Aku harus terus melangkah.
---
Ini hari ketiga Nero belum kembali. Aku bertekad menemukannya.
Gerimis kembali datang. Aku mengenakan jas hujan untuk memudahkan. Aku kembali memanggil Nero.
Kemana kira-kira kucingku itu pergi? Gadis itu bertanya dan menjawabnya sendiri.
Ia mengikuti instingnya. Ia terus berjalan.
Mungkin Tuhan menjawab doanya. Ia melihat kucing yang mirip dengan Nero. Kucing jingga dengan mata jail.
Nero. Ia masih ragu. Kucing itu berhenti dan memerhatikannya. Kucing itu mengeong, seperti memastikan apakah ia majikannya.

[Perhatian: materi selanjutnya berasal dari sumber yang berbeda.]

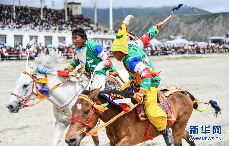 8月10日,騎手馳騁在當(dāng)雄縣賽馬場(chǎng)。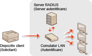 Dacă un dispozitiv încearcă să se conecteze și să înceapă să comunice pe o rețea 802.1X, dispozitivul trebuie să treacă prin autentificarea utilizatorului pentru a demonstra că acea conexiune este realizată de un utilizator autorizat. Informațiile de autentificare sunt trimise către și verificate de un server RADIUS, care permite sau respinge comunicarea cu rețeaua în funcție de rezultatele autentificării. Dacă autentificarea eșuează, un switch LAN (sau un punct de acces) blochează accesul din exterior la rețea. Aparatul se poate conecta la o rețea 802.1X ca un dispozitiv client.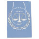 Saco de presente de congratulações para advogado criativo para graduado em direito ou sócio de escritório de advocacia. O design apresenta balanças da justiça criativas. Edite o texto para adicionar nome e ano ou personalizar de outra forma.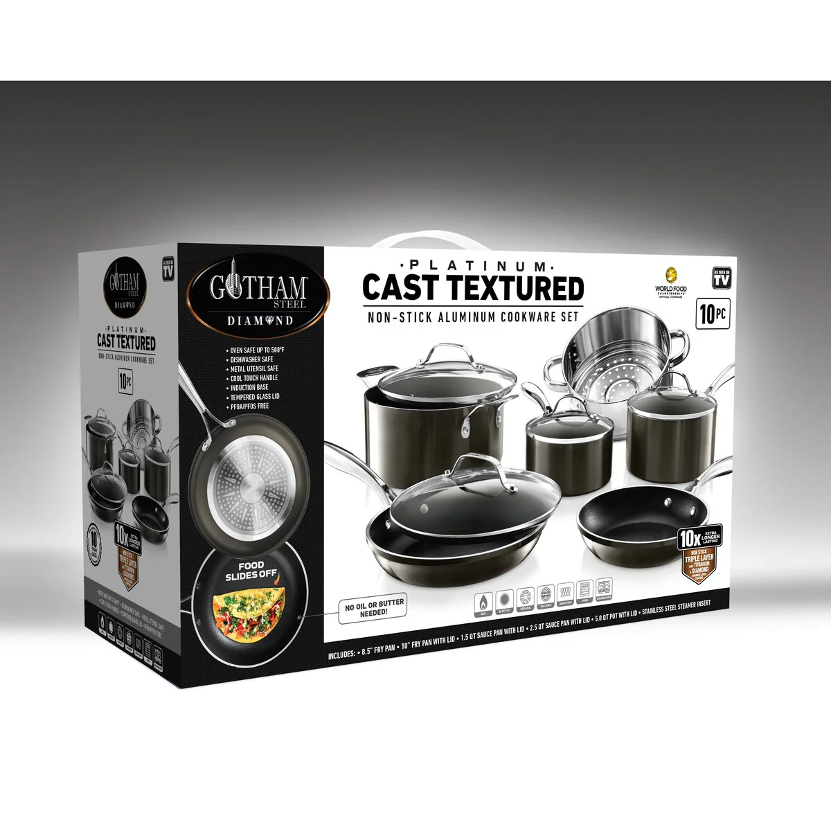 Gotham Steel Platinum Cast Textured 10pc Cookware set is the perfect set for every kitchen. The cast textured interior gets you that perfect sear while making it easy for cleanup giving you the best of both worlds!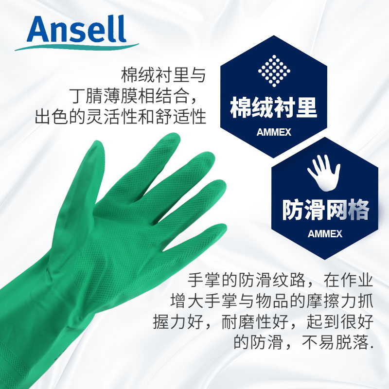 Ansell 37-176 acid-base anti-chemical corrosion gloves industrial laboratory rubber thickened oil-resistant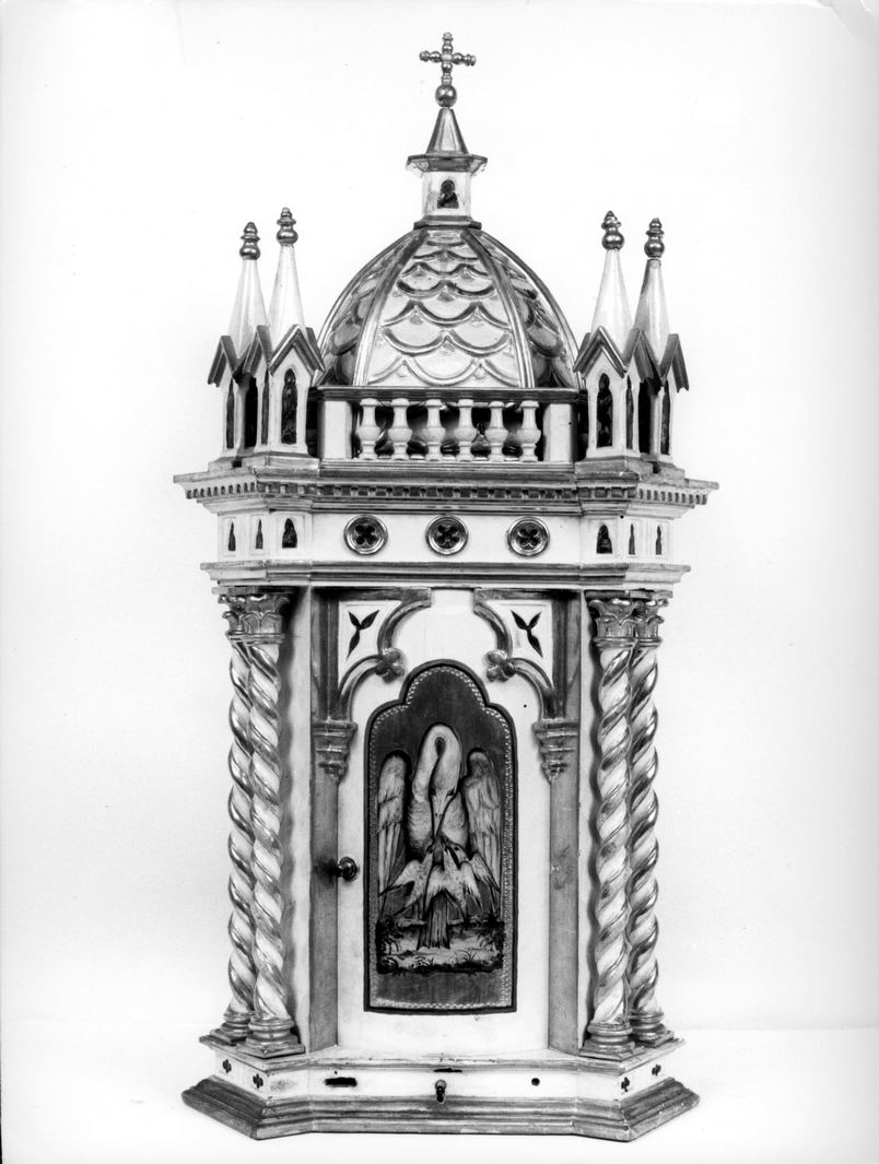 tabernacolo a tempietto gotico con basamento modanato, prospetto caratterizzato da colonne tortili, e al centro sportello trilobato con dipinto un pellicano nella sua pietà. Parte superiore composta da cupola con copertura a pelte, balaustra e guglie gotiche, terminante con crocetta apicale

Gadis itu tersenyum. Ia mengenali suara itu. Suara sember hanya milik Nero.
Ia mendekatinya. Kucing itu masih ragu. Tapi gadis itu tak ragu. Ia mengangkatnya dan menggedongnya di balik jas hujannya.
Kucing itu meronta-ronta. Ia hendak mencakarnya. Tapi kemudian ia ingat akan aroma tubuh gadis itu. Aroma tubuh seperti kucing. Ia pasti majikanku. Nero pun menjadi tenang dan ia tak marah majikannya menggendongnya.
Perjalanan itu terasa jauh. Gadis itu lega Nero tak lagi berontak. Rumah juga mulai kelihatan.
Nero melihatnya. Itu gang menuju rumahnya. Dan itu rumahnya. Rumah yang sederhana dan hangat.